Царский визит завершился. Стихли оживлённые разговоры на перекрёстках, в клубе и на рабочих местах, вызванные впечатлением от встречи с живым царём. Высший Совет утвердил планы жизни и деятельности города на ближайший год. Жизнь вошла в обычную колею. К февралю наладили производство ружей Григория Колодкина и к концу месяца вышли на показатель 80 штук в день. Весь «военно-промышленный» комплекс вообще отвлекал от учёбы и других важных задач около двухсот человек; в связи с этим было решено готовить квалифицированных рабочих из местного населения, а для подготовки к посевным и другим сельскохозяйственным работам у воронежского воеводы было запрошено дополнительно двести мужчин от пятнадцати до двадцати лет. Благодаря активной деятельности «министра внешних сношений», как прозвали боярина Михайлу Свиньина заместители Маковея, в городе появилось коровье стадо, птица, лён, пенька, рыба, мёд, сало. Используя свои связи, Михайло Агафонович наладил непрерывное поступление железной руды. Руда была низкообогащённой, но всё же позволяла прекратить разделку вагонов и старой техники для добычи металла, необходимого в производстве ружей, военной амуниции и сельскохозяйственных орудий. В свой второй, очень краткосрочный и прошедший без всякой помпы, визит Пётр привёз обещанные пятьдесят тысяч рублей. Появилась возможность разработать нормативы и ввести сдельно-повременную систему оплаты труда. У людей появились деньги; для добросовестного и плодотворного труда появился конкретный и понятный всем стимул и эквивалент. Темпы строительства жилья заметно снизились, но дома продолжали строиться, и раз в неделю то тут, то там шумно отмечалось чьё-нибудь новоселье. Зато ускоренно строились цеха и мастерские различных производств, которые требовали всё больше и больше электроэнергии и людей; ни того, ни другого не хватало, и это стало самой большой проблемой. Ежедневная пятиминутка у Маковея напоминала развод в полку сокращённого состава, где два десятка офицеров каждое утро делят между собой девятнадцать солдат. За всеми этими заботами и делами незаметно пролетел день восьмого февраля, кончился весь февраль, пошёл март. Никто даже не намекнул Маковею о его обещании провести выборы, сам же он этот вопрос будировать не стал, решив, что царской грамоты достаточно для его закрытия, и постепенно он перестал его беспокоить совсем.

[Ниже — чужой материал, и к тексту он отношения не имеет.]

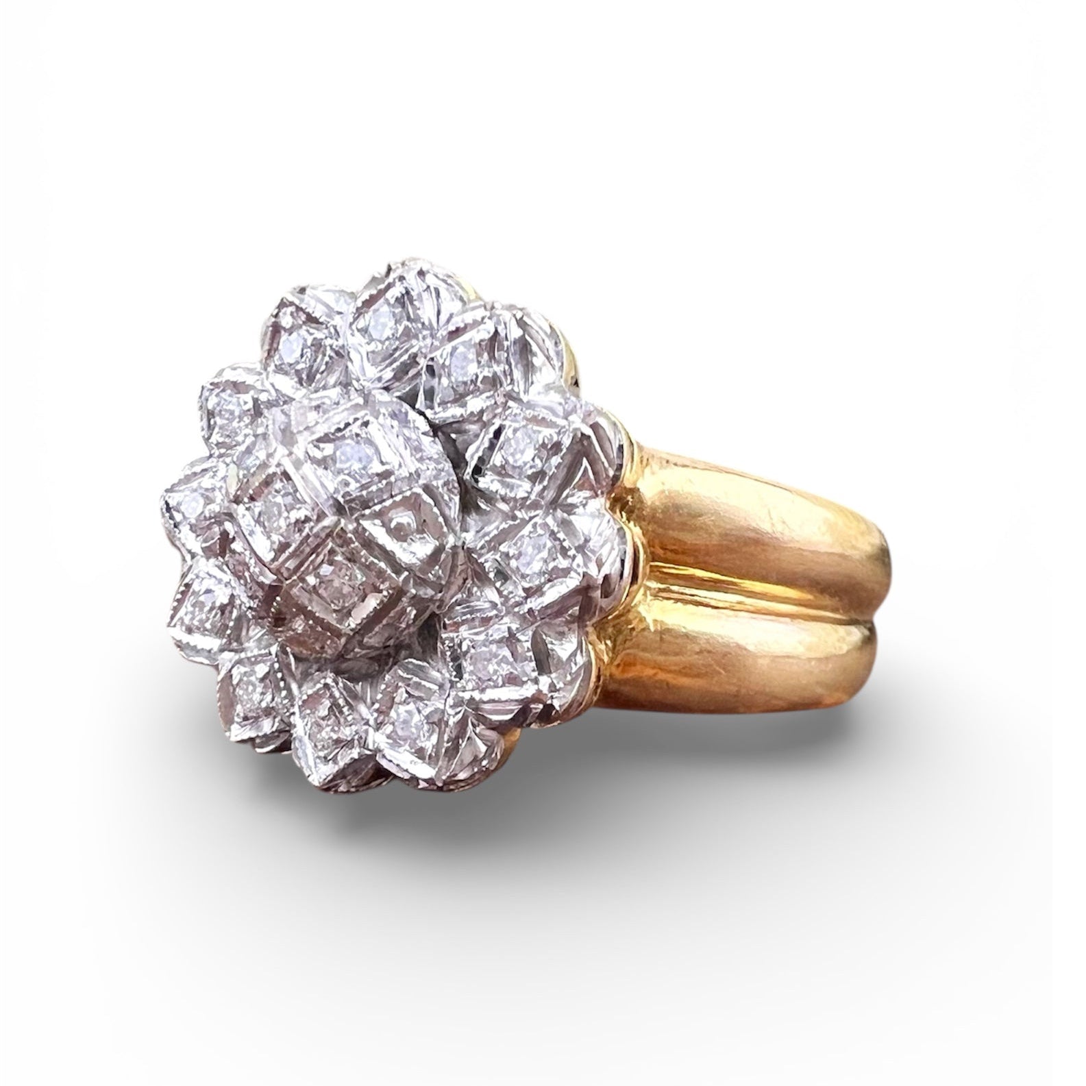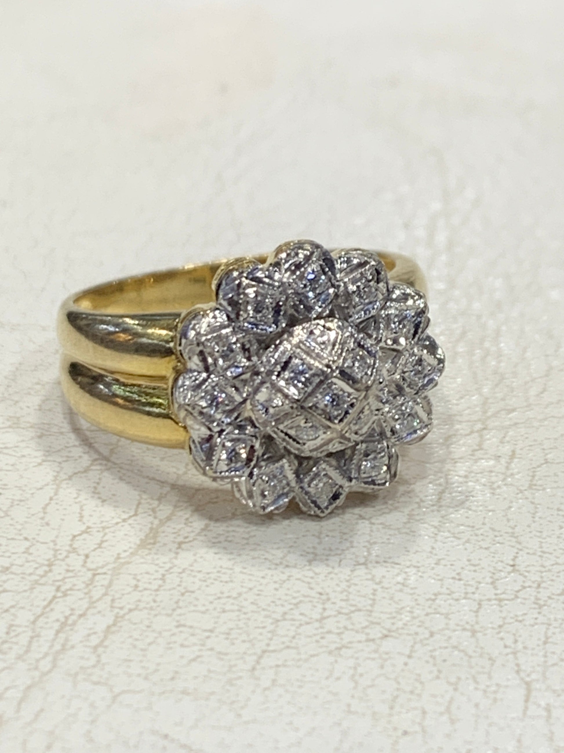 Anello Vintage Fiore in Oro 18K con Diamanti. Italia anni 80
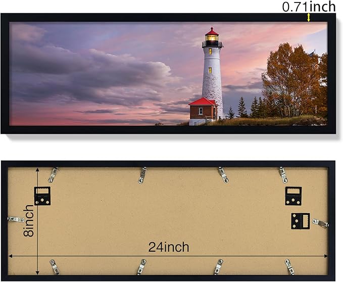 Vittanly 8x24 Picture Frame with Plexiglass - Large Black Poster Frame for Wall Display - Durable PVC Design - 1 Pack
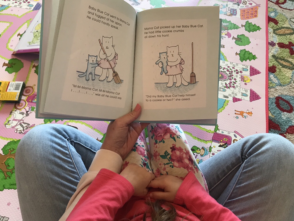 Workbook and story time with Ashley. We love the story “The Baby Blue Cat and the Whole Batch of Cookies”.

Верховный Совет фактически превратился в Совет при президенте. Оба профессора были с головой поглощены переносом всех своих знаний на бумагу, цифровые и магнитные носители, написанием учебников и подготовкой учеников: у каждого их было по два. Шестов, ставший практически первым заместителем губернатора, как по-прежнему называли Владимира Михайловича жители города, несмотря на то, что официально он считался воеводой, заматерел и старался решать большинство вопросов сам, ограждая Маковея от мелких проблем. Олег Михайлович был отличным, толковым исполнителем, но не генератором идей. Сам он это хорошо знал и, с рождения лишённый чувства чёрной зависти, спокойно предоставлял возможность думать начальству. Дубов же никогда не претендовал на роль большого начальника и всегда лишь добросовестно делал только то, что ему велели. Несмотря на свою бросающуюся в глаза простоту и не очень-то крутое образование, Виктор Семёнович обладал феноменальной памятью и завидным упорством в достижении поставленной начальством цели, за это его очень ценили в окружении губернатора. Таким образом, в городе устанавливалось единоначалие, и люди, жизнь и быт которых улучшались на глазах, это только приветствовали.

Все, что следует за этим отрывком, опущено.